The Prime Minister also said: “We are taking steps to reform vaccine damage payment schemes by modernising the operations and providing more timely outcomes, but of course I would be happy to talk to him further about it.”

Tory former minister Sir Jeremy previously raised Mr Scott’s case in a Westminster Hall debate in September last year.

At the time, he told MPs that Mr Scott had woken one day with a headache and experienced vomiting and impaired speech after receiving the AstraZeneca Covid jab.

He then had to undergo multiple operations and was in a coma for more than four weeks.

Mr Scott was later diagnosed with a blood clot caused by the vaccine, and has been unable to return to his former life.

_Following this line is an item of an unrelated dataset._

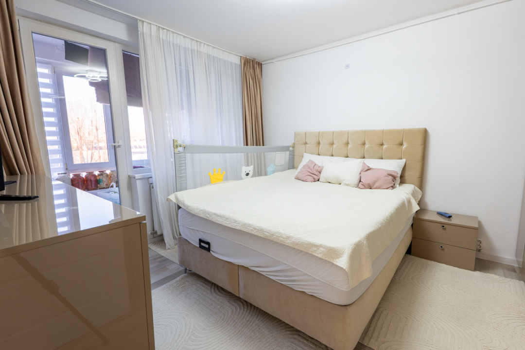 ✔️ Dormitor matrimonial de 13 mp, cu dressing spatios si acces direct catre balconul inchis

Elsewhere during PMQs, Mr Sunak faced calls for a short, focused Covid inquiry to learn lessons before an “inevitable” next epidemic.

Labour MP Graham Stringer (Blackley and Broughton) told the Commons: “We now know from the Telegraph’s lockdown files that during Covid, at the very heart of Government, science wasn’t being followed and rational discourse had been abandoned.

“This had dire consequences for children’s education, mortality rates among the elderly, the economy and access to the health service.

“Lessons must be learned, but we can’t wait 10 years for the independent inquiry to tell us what we should do next time when the inevitable epidemic arrives.

“Will the Prime Minister agree to a short-term focused inquiry that can give us recommendations so that we do better next time?”

Mr Sunak replied: “As with any public inquiry, the process and timing of the inquiry stages are for the independent chair to decide.

“As Baroness Hallett has previously set out, she intends to gather written evidence throughout this year with public hearings also starting this year.”